Hello Miko,
some more hints.
The short version is:
What you actually need to be more efficient is probably just more power and maybe another prop.
Or even shorter: Voll Gas = Yes!!
The long version is as follows:
( I am using a lot of rules of thumb here because there are many variables in the equation.)
Let me first elaborate a bit more on climbing and role of the climb angle with efficiency.
Let's look at glider efficiency in two extreme situations and then in a third more normal situation:
1) level flight (no climbing)
2) vertical climbing
3) 30° climbing
1)
At level flight, you need to compensate the glider drag with the propeller,
but climb efficiency is zero, as all the power is lost with compensating and the climb path is therefore infinitely long.
The power needed to compensate glider drag can be calculated from the glider weight and the glide ratio.
Let's e.g. assume a weight of 8kg, a ratio of 20 (20 should be pretty good for a model glider), a glide rate of 10m/s and a sink rate of 0,5 m/s.
Ratio of 20 means that the drag forces are 1/20 of the weight forces.
That would be 4N of drag at 10m/s, requiring 40W of power.
You could also calculate the power needed to lift 8kg at 0,5m/s - it is the same 40W.
With an optimum efficiency of the electrical drive system including motor and prop of ~55% (will write more on this later), that would be 73W of input power.
2)
At vertical climb with 10m/s, the 4N of drag add on top of the 80N of weight and therefore climb efficiency is 95%.
However you will need much more power - with the same calculation as above, it is 1527W input power.
3)
At a climb angle of 30°, you need 2m of climb path to reach 1m of altitude.
Therefore, the efficiency will be 0,95*0,95 which is roughly 0,9.
Smaller climb angles will result in much longer climb paths and therefore lower efficiency.
However, you also need only half of the force to overcome the weight.
Therefore, you would need 480W of effective power or 872W of input power for a 30° climb of 5m/s.
Now let's look at the magic 55% of drive and prop efficiency - where are they coming from (this is all rules of thumb):
- Battery efficiency 95%
- Losses in cables, plugs and ESC 5% = 95% Efficiency
- Motor/Gearbox efficiency 80% at operating point
- Propeller efficiency 75%
Then let's have a look a the kind of prop you need to get 4800g of thrust at 10m/s at an efficiency of 75%.
This is the actual problem, because you would need a very large prop spinning at a comparatively low speed.
Let's assume a 23x12 operating at 1000W mechanical power (~1300W of input power at the ESC) - it will deliver 8kg of static thrust with a pitch speed of 90km/h which is equivalent to 25m/s.

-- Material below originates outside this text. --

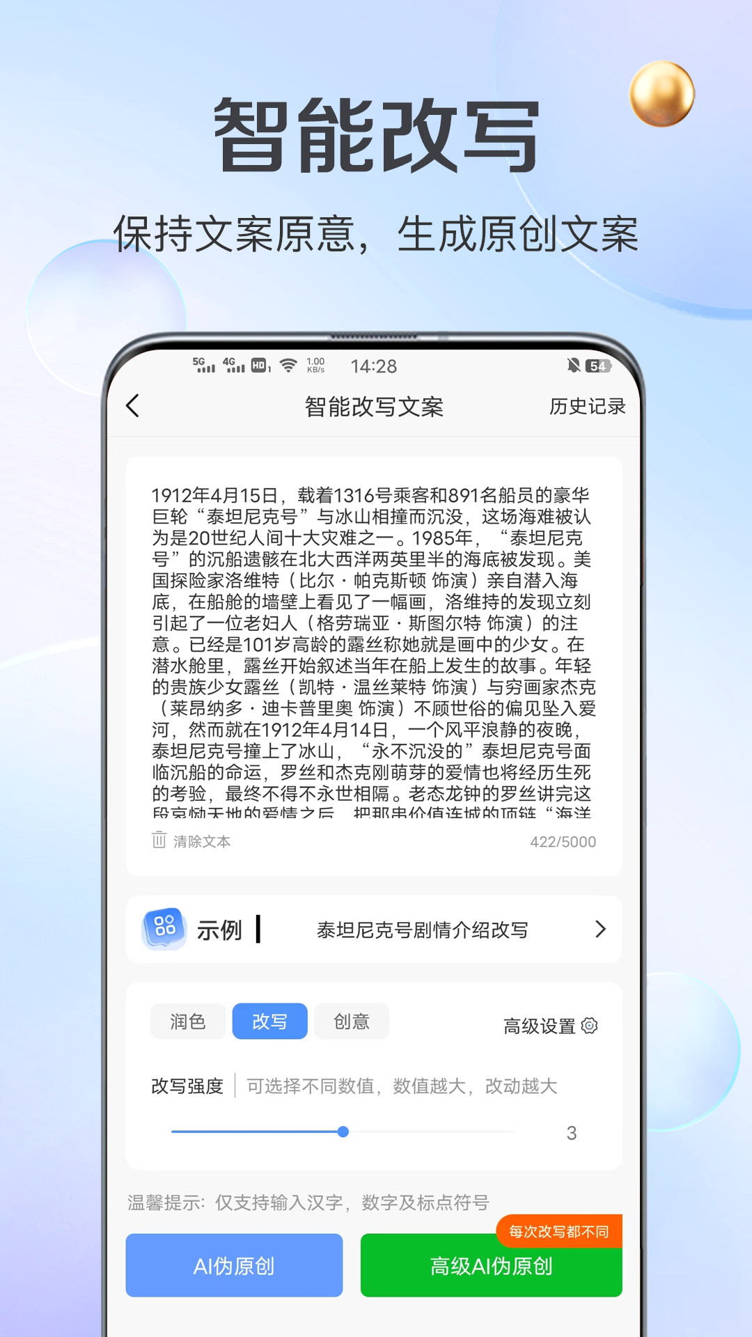 对于AI伪原创功能,您可以输入文案或者长按粘贴文案,然后一键就能生成伪原创内容。

At a speed of half of the pitch speed - 12,5m/s - it will deliver roughly half of the thrust at an efficiency of roundabout 70%. At 10m/s, the thrust of 4800g is probably right, but the efficiency drops to 65%.
Alternatively, you can go for more power and a higher climbing speed.
E.g. at a mechanical power of 1500W (~2000W of input power at the ESC),
the pitch speed of a 23x12 is 103 km/h - equivalent to 28m/s.
The static thrust is 10,6kg. 4800g of thrust are probably reached at 16m/s with an efficiency of roundabout 75%.
Therefore, at higher power and climb speed, the efficiency goal can be reached with this prop.
What do we learn from this ?
- Go for the largest prop possible
- More power means more efficiency
Look at hotliners - they have to produce maximum (and fast) climbing from limited energy:
- Prop is as large as possible, reaching from the nose to the wing.
- Prop is "quadratic" (e.g. 17x18) which increases efficiency.
- Power is > 1kW / 1kg.
Of course this cannot be realized for a normal glider.
However, the same principle applies.
Therefore I am used to "overpowering" of my gliders for better efficiency -
using a drive train that theoretically would allow vertical climbing for something like a 30° - 60° climb angle.
The result is quite a few more climbs from the same battery (which of course must allow for a high C rate).
The efficiency is much dependent from the actual climb angle chosen -
therefore it probably pays off making measurements at different angles.
As a substitute for measurements, I use to watch my glider when climbing.
The glider should not climb at maximum angle and comparatively low speed
but rather give some "dynamic" feeling when climbing.
With best regards,
Georg